More about "Omniscan"

Omniscan is a gadolinium-based magnetic resonance imaging (MRI) contrast agent used to enhance visualization of structures and pathologies in the body.
It contains the active ingredient gadodiamide, which alters the magnetic properties of nearby protons, allowing for improved contrast in MRI scans.
Omniscan is typically administered intravenously and is commonly used to assess the brain, spinal cord, blood vessels, and other organs.
It is particularly useful for detecting and monitoring conditions such as tumors, infections, and inflammation.
Similar gadolinium-based contrast agents like Magnevist, Gadovist, and Dotarem are also widely used in MRI imaging.
These agents, including Omniscan, have been extensively studied and their safety and efficacy in MRI imaging have been well-established.

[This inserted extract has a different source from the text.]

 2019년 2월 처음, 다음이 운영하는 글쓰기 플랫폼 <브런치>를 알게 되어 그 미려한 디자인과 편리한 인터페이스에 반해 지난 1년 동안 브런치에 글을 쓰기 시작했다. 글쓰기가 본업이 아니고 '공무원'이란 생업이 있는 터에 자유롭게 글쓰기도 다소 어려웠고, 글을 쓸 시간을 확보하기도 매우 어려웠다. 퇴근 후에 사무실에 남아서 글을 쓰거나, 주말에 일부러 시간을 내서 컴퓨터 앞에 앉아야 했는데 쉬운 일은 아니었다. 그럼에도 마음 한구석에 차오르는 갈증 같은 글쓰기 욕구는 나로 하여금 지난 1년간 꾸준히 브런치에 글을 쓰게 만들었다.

However, it's important to consult with a healthcare provider to determine the appropriate use and potential risks for each individual patient.
Advances in MRI technology, such as the use of powerful magnets like those found in Magnetom Avanto, Signa Excite, Signa HDxt, and Discovery 750 scanners, have further enhanced the capabilities of gadolinium-based contrast agents like Omniscan.

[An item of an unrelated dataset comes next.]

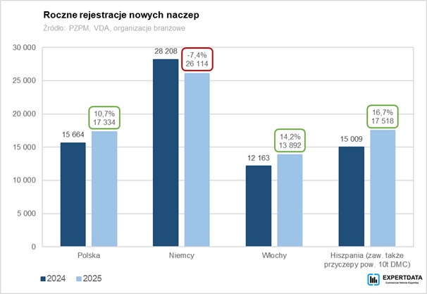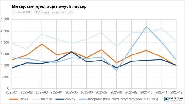 Rejestracje nowych naczep w Polsce i Europie w 2025 roku

These cutting-edge MRI systems, combined with the latest imaging techniques, can provide more detailed and accurate visualizations of the body's structures and pathologies.
Experince the future of Omniscan research today with PubCompare.ai's AI-driven platform, which can help researchers and clinicians identify the best protocols and products for their Omniscan studies, improving reproducibility and accuracy.